Prof Michele Dougherty spills the JUICE
Felix speaks to Michele Dougherty about her role as Principal Investigator on JUICE’s magnetometer.
Photo: Imperial College London
From the view in Michele Dougherty’s office one can see into central London across Hyde Park. It’s a beautiful day, and the late September heat is almost as warm as Michele’s welcome into her office. One of the most immediate things one notices about Michele is her charisma - we speak to her with more ease than we would have thought, and the interview flows more like a conversation than anything else.
Michele Dougherty, Head of the Physics Department, is renowned for her pioneering work in planetary science, and her role as the Principal Investigator for the magnetometer instrument on the JUpiter ICy moons Explorer (JUICE) mission stands as a testament to her expertise and dedication to unraveling the mysteries of our solar system.
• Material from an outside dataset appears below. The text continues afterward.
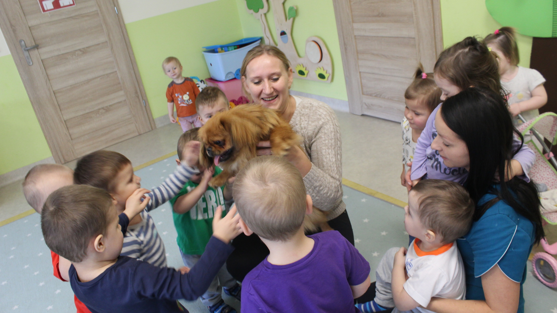 Co jakiś czas w naszym żłobku pojawiają się ciekawi goście, tym razem na dwa dni zawitał do nas kanarek, dzięki któremu od czasu do czasu w sali zabaw było słychać kanarkowe świergotanie… Dzieci oglądały, podziwiały, ale nikt nie mógł kanarka przytulić…. Ale za to kilka dni później ciocia Renata oraz Basia przyprowadziły do Żłobka swoich czworonożnych pupili, którzy w odróżnieniu od kanarka, chętni byli do przytulania i głaskania. Oj było dużo radości…

In this interview, we delve into Michele’s remarkable journey and her critical contributions to the JUICE mission, which is poised to provide unprecedented insights into the enigmatic icy moons of Jupiter: Ganymede, Callisto, and Europa. Her work not only involves deciphering the complex magnetic environments of these moons but also holds the potential to reveal the presence of liquid water, an essential ingredient for the emergence of life beyond Earth. Michele’s leadership and scientific acumen shine as we explore the intricate dance of
magnetism and the tantalizing prospects of extraterrestrial oceans in an ongoing quest to further understand the cosmos.
Personal philosophy
M: When you lead these missions, do you have a personal philosophy? Cassini, for example, ran from 1997 to 2017, it’s 20 years and these missions take place over such a long period of your life.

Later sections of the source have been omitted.